I prefer to stay home for the most part. I’m usually very tired and I just feel more comfortable in my own familiar surroundings with everything I need right here. I do try to force myself to get out amongst people, though. That is very important. I used to go to two different bible studies during the week. Well, I tried–I missed them sometimes, too. I often am too tired to go or I don’t push myself hard enough. Recently, one group rescheduled their study so that it is at the same time as my regular study. so I’m down to only one study group a week. I volunteer to help count my church’s Sunday offerings which is only about once a month. I try to be social and am blessed I have some true friends.

I do experience significant pain and discomfort. It’s really indescribeable. There isn’t much I can do about the pain and discomfort I have. There’s not a medication strong enough to numb the pain/discomfort. In order to numb this pain, I’d have to be put completely out! My feet not only burn 100% of the time, but I have sharp pains and a stretching and pulling sensation in my toes or under my feet. I have similar sensations in my private parts. It’s maddening. But, there is nothing you can do about it; you have to focus on other things in order to cope.

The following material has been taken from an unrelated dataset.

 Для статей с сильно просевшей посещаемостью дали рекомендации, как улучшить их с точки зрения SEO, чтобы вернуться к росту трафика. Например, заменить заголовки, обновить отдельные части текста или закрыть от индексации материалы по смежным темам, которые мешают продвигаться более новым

It’s easy to turn within yourself when you get immobile and are in pain, but that is the worse thing you can do. Funny, I KNOW much of what I should and need to do; I can write it out here, but I can’t always DO IT in reality.

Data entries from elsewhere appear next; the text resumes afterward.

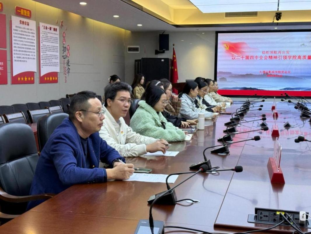 2025年12月25日,伟的国际1946bv官网党总支理论学习中心组在传媒大楼202会议室召开专题学习会,深入学习领会党的二十届四中全会精神。会议由党总支书记王日清主持,理论学习中心组成员、各党支部书记、教师党员代表参加学习。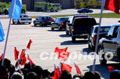22日,江澤民主席應(yīng)布什總統(tǒng)邀請(qǐng)?jiān)L問美國(guó),抵達(dá)芝加哥奧黑爾機(jī)場(chǎng),圖為江主席一行乘坐的車隊(duì)離開機(jī)場(chǎng)駛往市區(qū)。作者:王瑤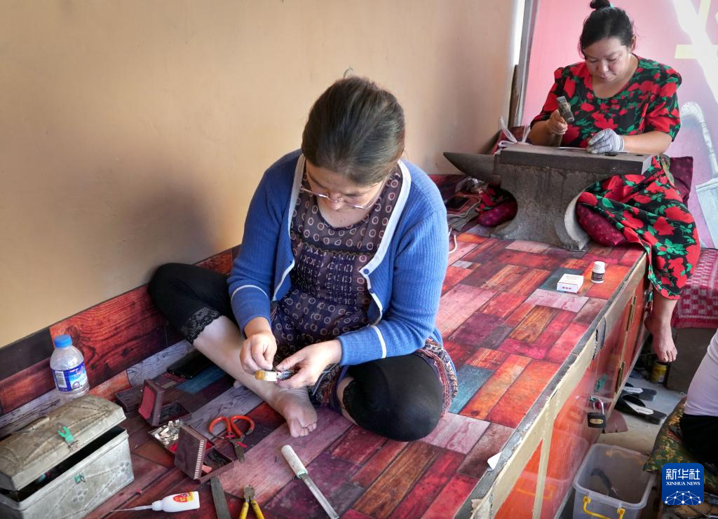 9月5日,手工艺人在英吉沙县芒辛镇喀拉巴什兰干村制作小刀。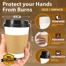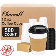 Clawsoff 12 oz Coffee Cups with Lids Sleeves, 500 Pcs White Disposable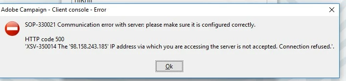 Adobe Campaign Client Communication Error With Server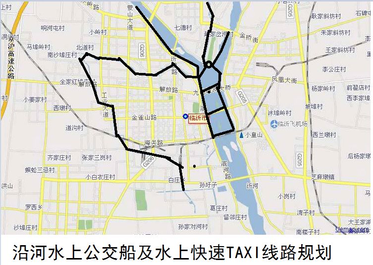现建议,沿两岸主要社区及居委建设多所码头,东岸南起小皇山,途径河东区、南坊新区直达北京路桥,西至沂蒙路桥下穿,直达书法广场、到临沂大学北校门。中由凤凰广场下穿至临西八路与涑河街交汇,西岸连接妇幼保健院、沂河花园沿线各大社区,总里程30公里,开通15分钟一般的快速“摆渡船”,类似香港维多利亚港的“火星小轮”或黄浦江上的“观光摆渡船”。既起到观光旅游作用,又代替了沿线公交车不足,解决了滨河大道阻塞的问题。据了解,伦敦市早在1995年就在泰晤士河上推出了水上taxi出租车,成为泰晤士河著名的观光项目,也成为很多伦敦白领上班必坐的交通工具。

I was just thinking about that today. On Sundays my son and daughter-in-law along with their 3 year old son visit me. They come to church with me, we eat lunch together, and then they visit in the afternoon. Today after they left I considered how little interaction I spent with my grandson today. I didn’t feel well and I think I was focusing on that rather than my grandson. I made note to myself that in the future, I’m going to try to focus more on my grandson (rather than my pain) and see if I can conquer this battle. I always hate it when after my grandson leaves, I look back and realize what I missed out on worrying about my discomfort.

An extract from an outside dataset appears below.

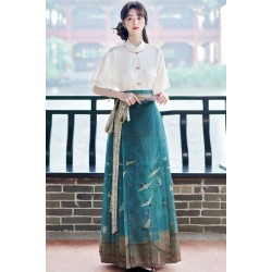 Azure Ripple 云端青波 - New Chinese Style Straight Collar Mamian Skirt Set

Anyway, it’s really “same ole same ole” here. My other son and daughter-in-law are expecting their second son in June. Their first son will turn two March 15th. Oh my gosh! That’s in just a few days! I am hoping to spend some time with them in June, God-willing. It will have to be a God-thing, as I don’t think I can handle the travel on the airlines by myself. We shall see.

This was more of a refresher/catch-up entry. I hope to do better. (I think I’ve said that before…)

It Feels Like Forever

It feels like forever since I’ve written in here.

It feels like forever since I’ve had Multiple Myeloma.

It feels like forever since I could walk without help.

It feels like forever since I could go to the bathroom normally and feel I actually accomplished something.

It has been forever since I worked. My last day working was 10/4/05…or was it 10/3/05? I don’t even remember.

As I start typing this I realize I shouldn’t have started this entry, as I am nearly nodding off. I’m in serious need for a nap. Ever since I got sick, when I get fatigued – it’s over. I can almost fall asleep standing up (with my walker of course). I better hit the main points fast. . .

MM-wise, I’m doing great. My oncologist even extended the lapses between visits to four months versus three months. My lab numbers improved a bit last time; seems I’m healing myself on my own. I think this flucuation is normal in a partial remission like what I seem to be in.

As for medications, I’m on but a few. I take 5mg Methadone three times a day (15mg per day total). I take blood pressure medicine, I think it’s Lisiprol…no…I forget. I think it’s 20mg. I used to take Norvasc 5mg. It did fine but my ankles and feet were swelling. When I changed bp medicines, the swelling went down and my bp remained just fine. That’s all – except for the Intrathecal Pump with the Lioresal.

I’m just so sleepy I’m falling asleep typing. I will return and desribe more of what’s going on and where I’m at.